Re: [GENERAL] pg_upgrade & tablespaces

От
Magnus Hagander
Дата:
On Sun, Jan 12, 2014 at 5:26 AM, Bruce Momjian <bruce@momjian.us> wrote:
On Sat, Jan 11, 2014 at 12:48:51PM -0800, Adrian Klaver wrote:
> >pg_upgrade looks in the pg_tablespace in pre-9.2, and uses a function in
> >9.2+.  The query is:
> >
> >     snprintf(query, sizeof(query),
> >              "SELECT    %s "
> >              "FROM  pg_catalog.pg_tablespace "
> >              "WHERE spcname != 'pg_default' AND "
> >              "      spcname != 'pg_global'",
> >     /* 9.2 removed the spclocation column */
> >              (GET_MAJOR_VERSION(old_cluster.major_version) <= 901) ?
> >--> "spclocation" : "pg_catalog.pg_tablespace_location(oid) AS spclocation");
>
>
> I see, though I have another question.
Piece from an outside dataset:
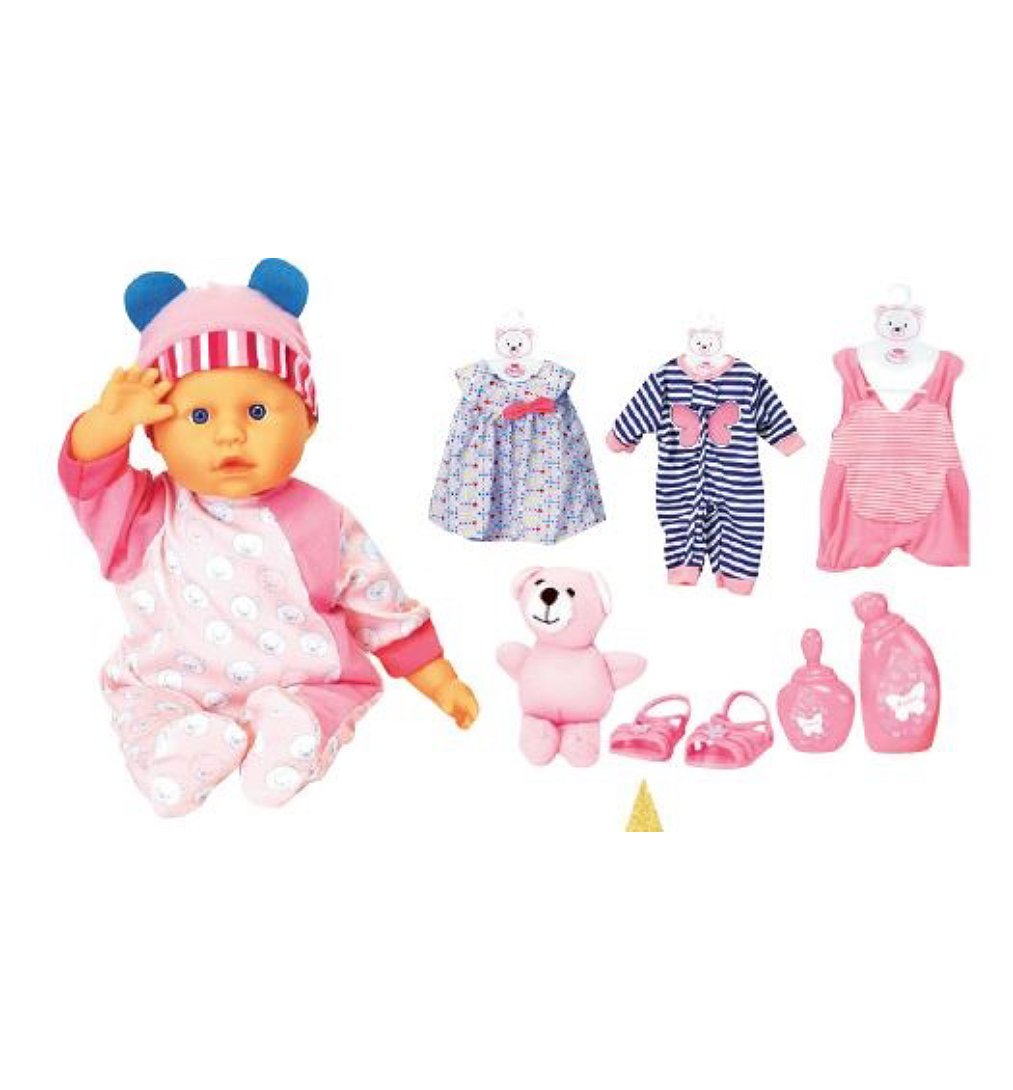| La boîte contient | 1 poupée de 40 cm, 4 tenues, 1 ourson, 1 paire de chaussures et 2 flacons. |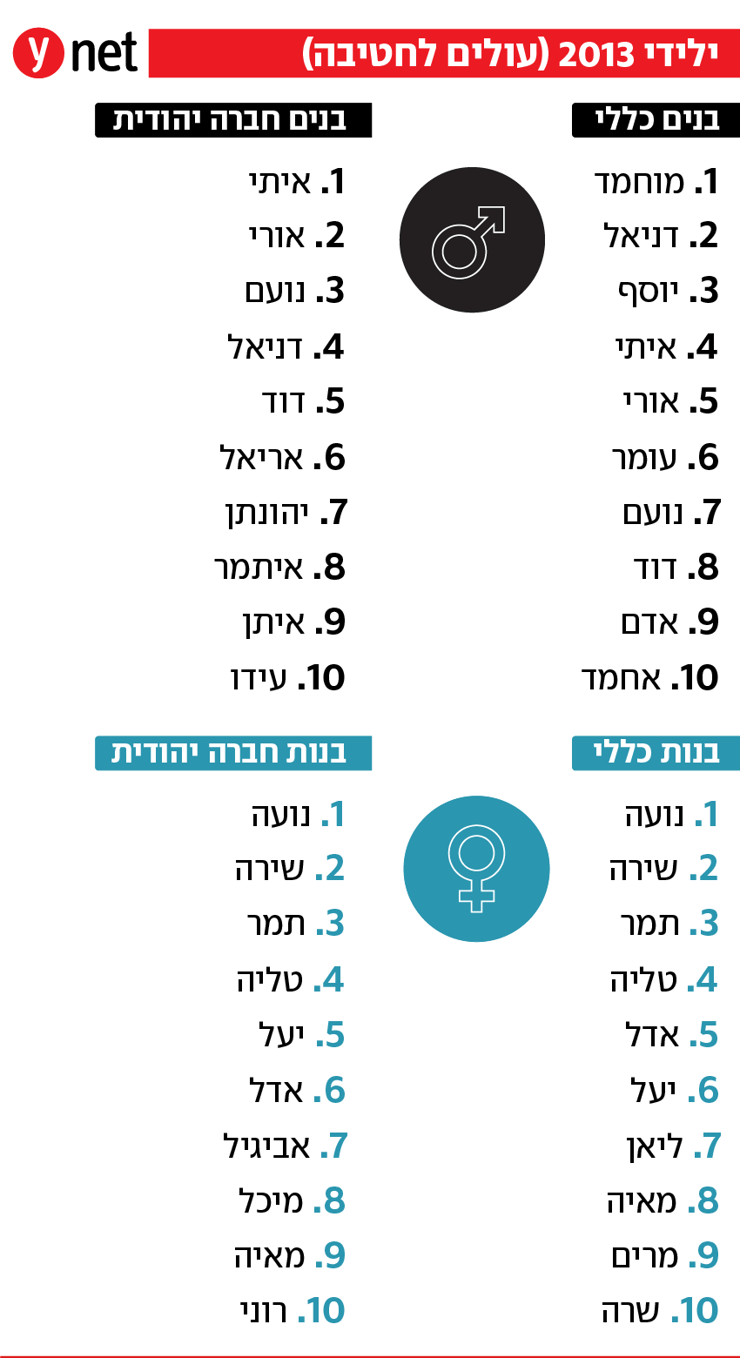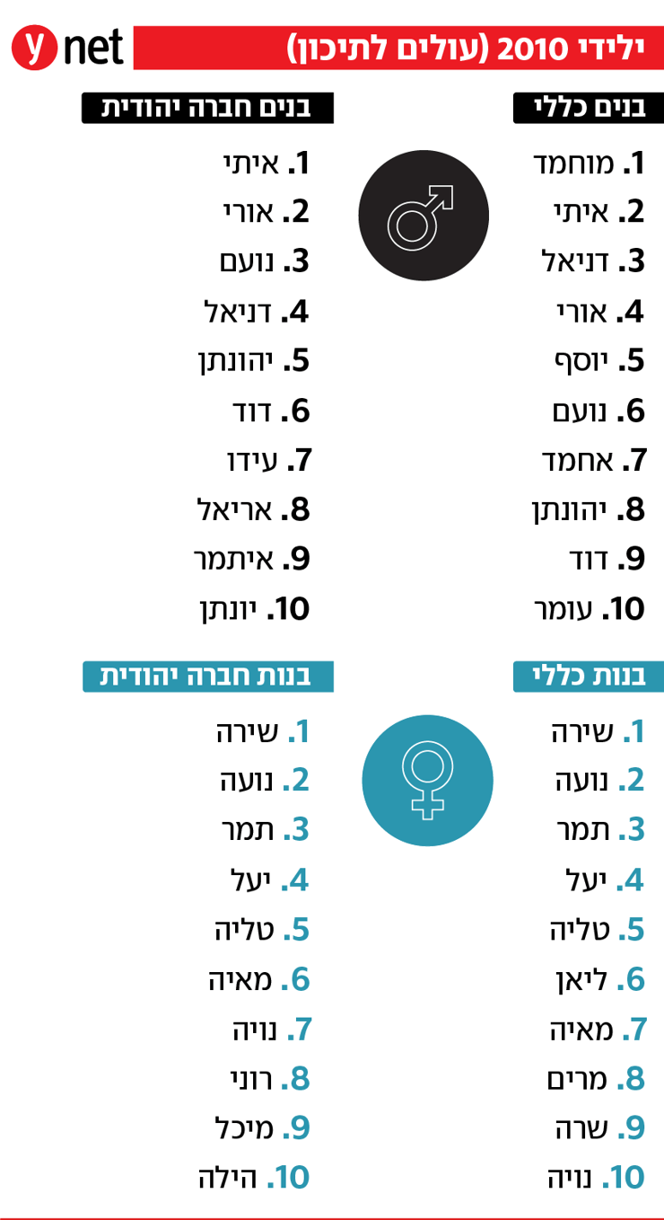 בקרב כלל האוכלוסייה, השמות הפופולאריים ביותר לבנים שעולים לתיכון - ילידי 2010 - הם מוחמד, איתי, דניאל, אורי ויוסף. בחברה היהודית נרשמת חמישייה מעט שונה: איתי, אורי, נועם, דניאל ויהונתן. אצל הבנות, חמשת השמות הפופולאריים זהים בכלל האוכלוסייה: שירה, נועה, תמר, יעל וטליה.

If pg_tablespace and the
> symlinks can get out of sync, as you say below, why is pg_tablespace
> considered the authority? Or to put it another way, why not just
> look at the symlinks as in 9.2+?

Uh, good question.  I think I used the system tables because they were
easier to access.  I can't remember if we used the symlinks for some
things and pg_tablespace for other things in pre-9.2.

If you mean PostgreSQL internally then no, we didn't use pg_tablespace for anything ever. We only used the symlinks. Which is why it was so easy to remove.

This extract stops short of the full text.